PS: I’m using VB 6.0 and only have basic beginner knowledge.

[Pine_Apple]

Ha! It took me a while, but I brushed up on my trigonometry and I figured it out myself (with little help from Google of course ). I consider this resolved now

[Pine_Apple]

Rrrright... I spoke too soon. I don't mean to be annoying, but I have another problem now. I've created most of the stimuli as I wanted, but there seems to be something wrong. I've uploaded a picture in combination to the code. The small circles within the 'doughnut' shape should be equally spaced from each other and should be centred on the outline of the green circle. However, as it appears obvious from the image - this is not the case. The bottom and top two are not centred where they should be. Also, they are not really equally spaced
Is there something wrong with the code?
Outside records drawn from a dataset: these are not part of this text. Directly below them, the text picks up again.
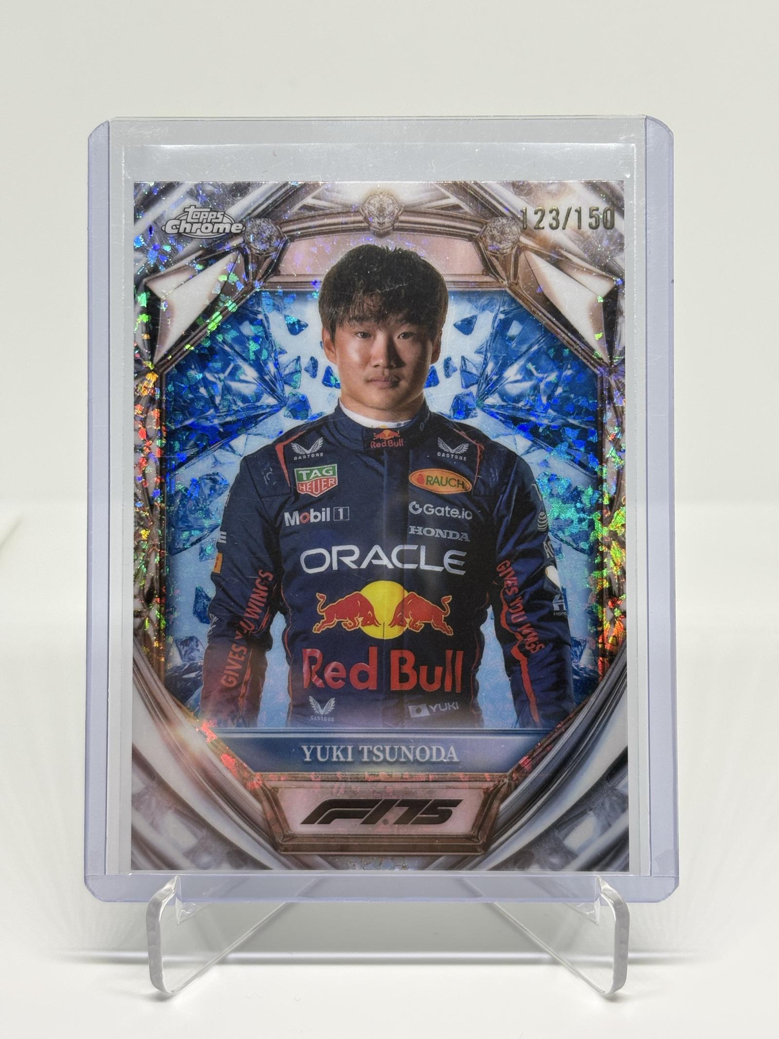 A limited edition 2025 Topps Chrome Formula 1 trading card featuring Yuki Tsunoda in Oracle Red Bull Racing gear. Part of the Diamond 75th Anniversary set, this card is numbered 123 out of 150. The card showcases vibrant holographic effects and is a must-have for F1 and motorsport collectors.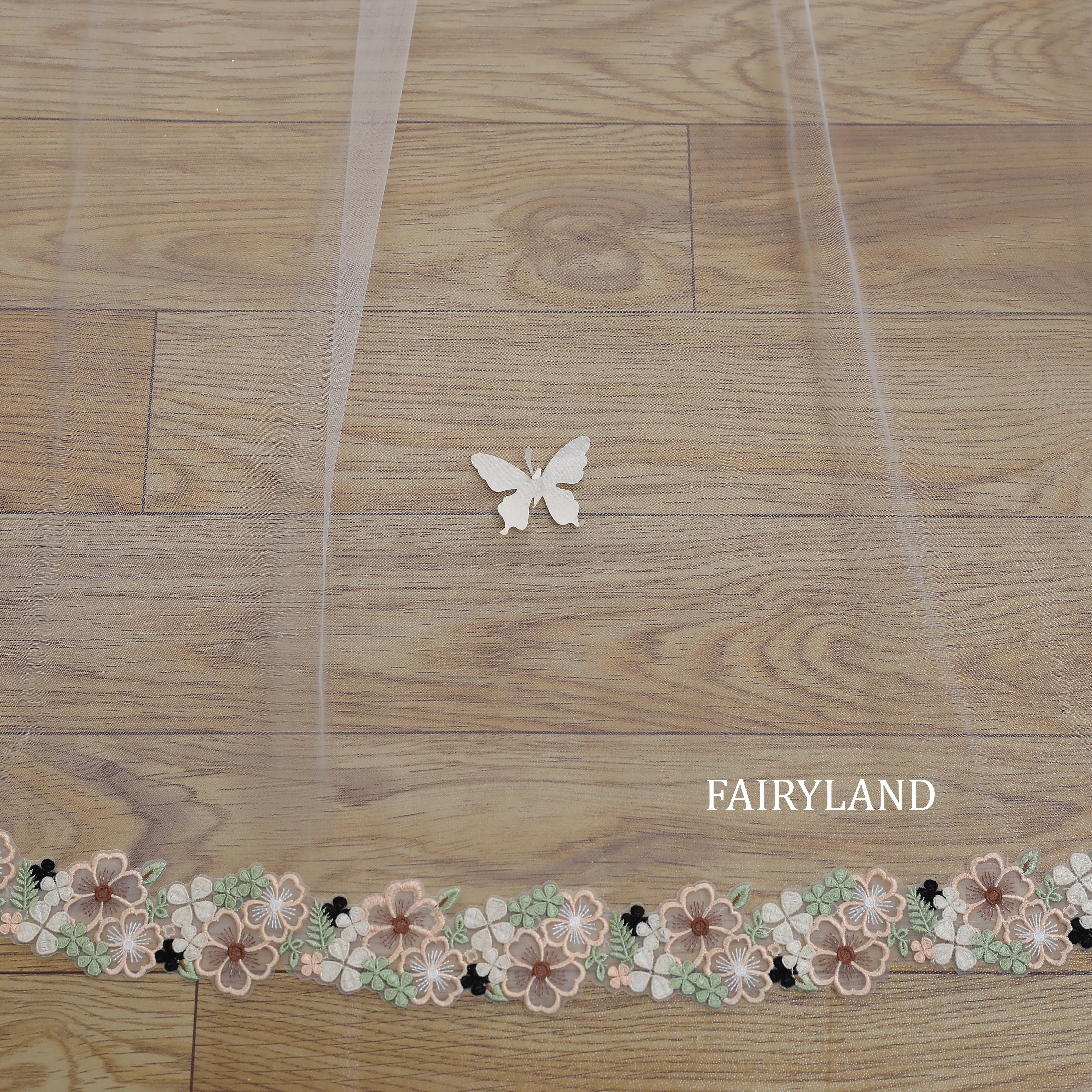 This ethereal veil is crafted from soft, lightweight ivory tulle and beautifully decorated with delicate butterfly appliqués that seem to flutter as you move. The edge features pastel floral embroidery, adding a touch of color and romance to your bridal look.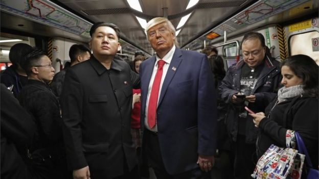 لفت ظهور الرئيسين ” دونالد ترامب” و”كيم كونج”، المارة في شوارع هونج كونج، قبل أن يتضح أن الشخصيتين هما موسيقيين، تنكرا في هيئة الرؤساء للإعلان عن أغنية جديدة عن السنة القمرية.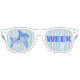 Great White Shark Colourful Sea Animal Custom Party Shades Novelty Sunglasses. Background colour can be customised. What's the best week of the year? That's right... all shark geeks know the answer. A fun gift for a fisherman, shark researcher, oceanographer, shark biologist, ichthyologist, shark lover and marine biologists. Colourful Great White Shark art done in my abstract stylised slices of colour style in shades of azure, sapphire, midnight, royal, cobalt, lapis, indigo and cornflower blue.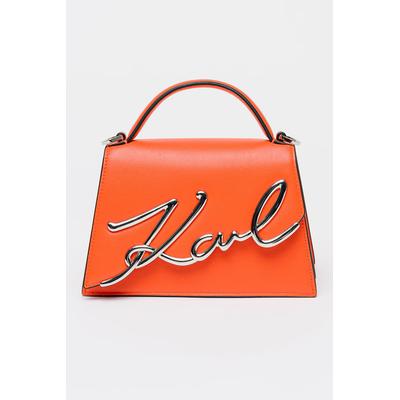 Кожена чанта през рамо Signature, Корал Karl Lagerfeld

Am I overlooking something really obvious
My code:
Private Sub Form_Paint()
Const pi As Double = 3.142
'draw the circle on which the stimuli will be centred
Me.Circle (Me.ScaleWidth / 2, Me.ScaleHeight / 2), 5.74, vbGreen

'find points on the circle at specified radians
'(6 equally spaced locations)
'and centre a small circle at each point
Dim x, y As Integer
x = (Cos(2 * pi) * 5.74) + Me.ScaleWidth / 2
y = (Sin(2 * pi) * 5.74) + Me.ScaleHeight / 2
Form1.Circle (x, y), 0.64, vbGreen
Dim x2, y2 As Integer
x2 = (Cos(pi / 3) * 5.74) + Me.ScaleWidth / 2
y2 = (Sin(pi / 3) * 5.74) + Me.ScaleHeight / 2
Form1.Circle (x2, y2), 0.64, vbRed
Dim x3, y3 As Integer
x3 = (Cos(5 * pi / 3) * 5.74) + Me.ScaleWidth / 2
y3 = (Sin(5 * pi / 3) * 5.74) + Me.ScaleHeight / 2
Form1.Circle (x3, y3), 0.64, vbBlue
Dim x4, y4 As Integer
x4 = (Cos(4 * pi / 3) * 5.74) + Me.ScaleWidth / 2
y4 = (Sin(4 * pi / 3) * 5.74) + Me.ScaleHeight / 2
Form1.Circle (x4, y4), 0.64, vbYellow
Dim x5, y5, x6, y6 As Integer
x5 = (Cos(pi) * 5.74) + Me.ScaleWidth / 2
y5 = (Sin(pi) * 5.74) + Me.ScaleHeight / 2
Form1.Circle (x5, y5), 0.64, vbCyan
x6 = (Cos(2 * pi / 3) * 5.74) + Me.ScaleWidth / 2
y6 = (Sin(2 * pi / 3) * 5.74) + Me.ScaleHeight / 2
Form1.Circle (x6, y6), 0.64, vbMagenta

'Draw a point at the centre of each circle
Me.DrawWidth = 3
Me.PSet (Me.ScaleWidth / 2, Me.ScaleHeight / 2)
Me.PSet (x2, y2)
Me.PSet (x5, y5)
Me.PSet (x6, y6)
Me.PSet (x, y)
Me.PSet (x3, y3)
Me.PSet (x4, y4)
End Sub

The result:


PS: The scale is set to centimetres.

[Pine_Apple]

Ok, here I am some time later to continue my potentially annoying monologue... I realised my mistake is in declaring variables as Integers when clearly they are NOT whole numbers... duh! When I switch to Double it all works fine

I'm really sorry and kind of ashamed , I promise next time I'll give it at least 24 hours before I post something :P

[ThomasJohnsen]

If you don't want to bother with the trig-functions, the coordinates for the regular unit-hexagon with center (0, 0) are:
{ (1, 0), (0.5, sqrt(3/4)), (-0.5, sqrt(3/4)), (-1, 0), (-0.5, -sqrt(3/4)), (0.5, -sqrt(3/4)) }

[Pine_Apple]

Ah, yes! That would be quite helpful because although I've managed to centre the circles, they're still not equally spaced
However... I'm not sure how to draw a hexagon... I mean, what kind of argument do you use to input these coordinates? I'd be great if there was a Me.Hexagon option, but I sense it's bound to be more to it and I don't seem to be able to figure it out

Oh! And of course, thank you very much for the suggestion!

[opus]

......they're still not equally spaced

As I see it, the coordinates you are using are correct, you are already using the same coordinates as Pine_Apple suggested, although you do compute them using Cos and Sin.
Your point x;y uses Cos(2Pi) and Sin(2Pi) which are 1 and 0
your point x1;y1 uses Cos(Pi/3) and Sin(Pi/3) which are 0.5 and Sqrt(3/4) or better 0.86666..
etc...
So, why do you think your points (which form a hexagon, although "you can't draw it") are not equally spaced?

[Pine_Apple]

So, why do you think your points (which form a hexagon, although "you can't draw it") are not equally spaced?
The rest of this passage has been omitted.